Will be looking to make the move with my wife and 11yr old son, and really like florida, as we've visited there numerous times( i know it's not all like Orlando!!)Wondering what areas are family friendly for residential properties and schooling.

Thanks


----------



## Fatbrit (May 8, 2008)

TARTAN WARRIOR said:


> Hi all, looking for some advice & info. Just wondering how everyone found jobs in the US, particularly if anyone has worked in the soccer coaching area. I'm a fully qualified youth soccer coach, and have had the opportunity to work in various states, but only on short term contracts, where as i'm looking for a full time move. I'm also a qualified Financial Advisor, but unsure whether British qualifications would be adequate for the US. Any suggestions??
> Will be looking to make the move with my wife and 11yr old son, and really like florida, as we've visited there numerous times( i know it's not all like Orlando!!)Wondering what areas are family friendly for residential properties and schooling.
> 
> Thanks


Visa, visa, visa is the first question. Without that, it's all pie in the sky.


----------



## synthia (Apr 18, 2007)

Fatbrit is right. First you have to find out how you will qualify for a visa. There was a time when we really didn't have enough soccer coaches in the US, and that may still be the case. If so, you will still have to find a job and get someone to go through the hassle of sponsoring you. You have to have the job first. We don't have a system like that in Australia and the UK where you can score points and come in if your score is high enough.

I presume you are looking for work in a university or college, or some sort of private soccer camp. Since you have had several short term contracts in the US, you should have some contacts that can give you some idea of what the employment situation is.

If soccer is like most sports in the US, it is centered around schools. Unless a sport is really a big deal at the school, coaches are usually teachers who coach part time. In fact, when I was growing up in Pennsylvania that was the law. There were no professional high school coaches-only in one of the biggest, most gung-ho football states in the country. Next door in Ohio it was different, but again, that applies only to American football, nothing else.


----------



## Bevdeforges (Nov 16, 2007)

As Synthia said, most coaching jobs are going to be linked to either schools or pro teams. To coach at a university, you need the qualifications to teach at a university - which could mean a graduate degree of some sort (masters, PhD) in physical education. Below the university or pro levels, most soccer coaches have "day jobs" that pay the bills - often teaching in the public schools.
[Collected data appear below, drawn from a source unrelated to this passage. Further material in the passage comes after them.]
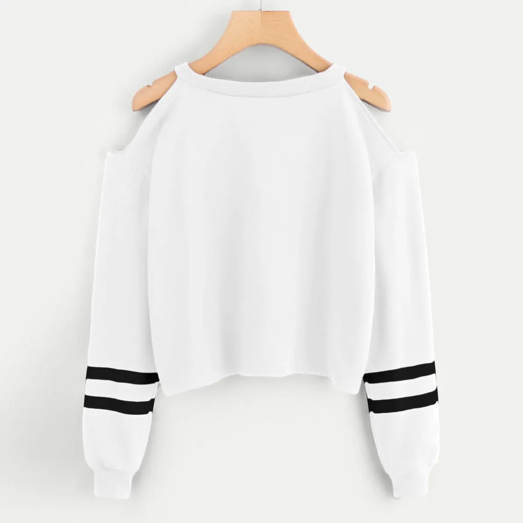 Укороченные женские толстовки с открытыми плечами, толстовки с длинным рукавом, пуловер, повседневные топы, тонкая Толстовка с длинным рукавом, женские корейские толстовки
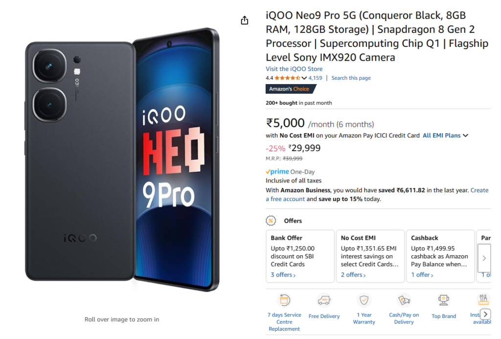 The iQOO Neo 9 Pro 8GB + 128GB model is now priced at ₹29,999 on Amazon India, with an extra ₹1,250 discount for SBI credit card users. Typically retailing at ₹34,999, this offer makes the device highly appealing, especially as the most affordable smartphone featuring the Snapdragon 8 Gen 2 processor.
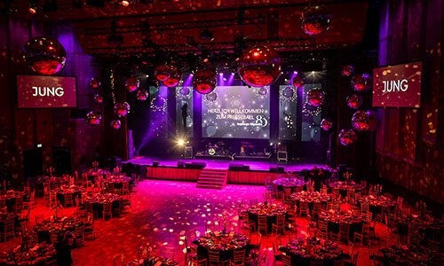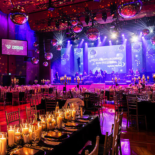 Für den Augsburger Presseball durften wir den Ballsaal und das Foyer mit einer eleganten Spiegelkugel-Installation ausstatten.
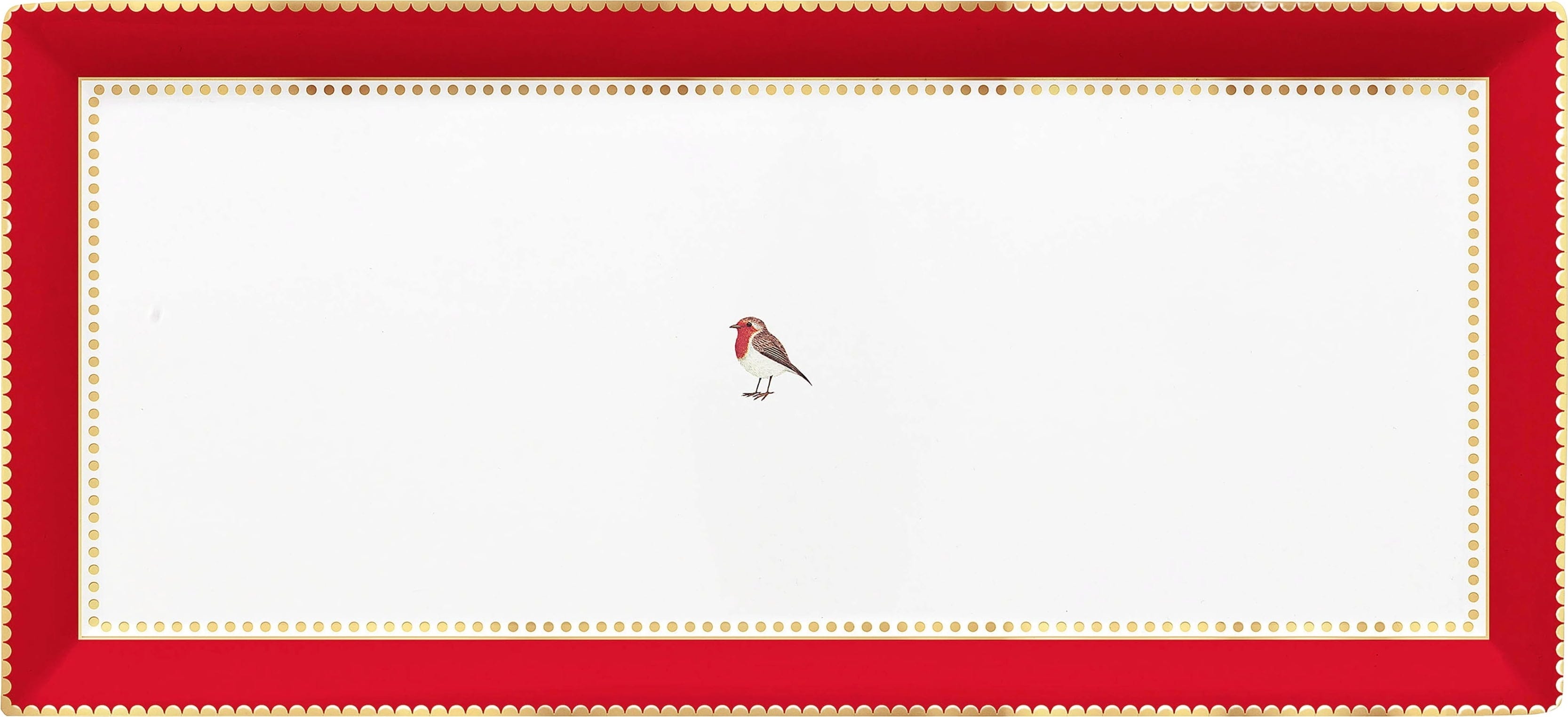 Pip Studio Prostokątny talerz do ciasta Love Birds 33,3 x 15,5 cm, czerwony
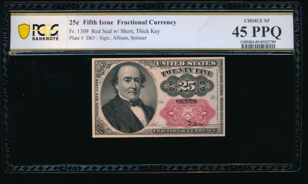 One 25 Cent Fifth Issue Fractional PCGS 45PPQ.

The financial advisor thing might work, but you'd need some additional training in the US side of things - taxes, investment regulations and all the myriad pre-tax savings programs for retirement, health care, college and more.

Florida is, however, an area with a large expat population, especially from the European countries. There might be some call for "international" financial advisory services if you search around. A transfer would be the ideal way to go, but you might try checking what British banks and insurance companies have branches and customers in Florida. It might give you some leads.
Cheers,
Bev


----------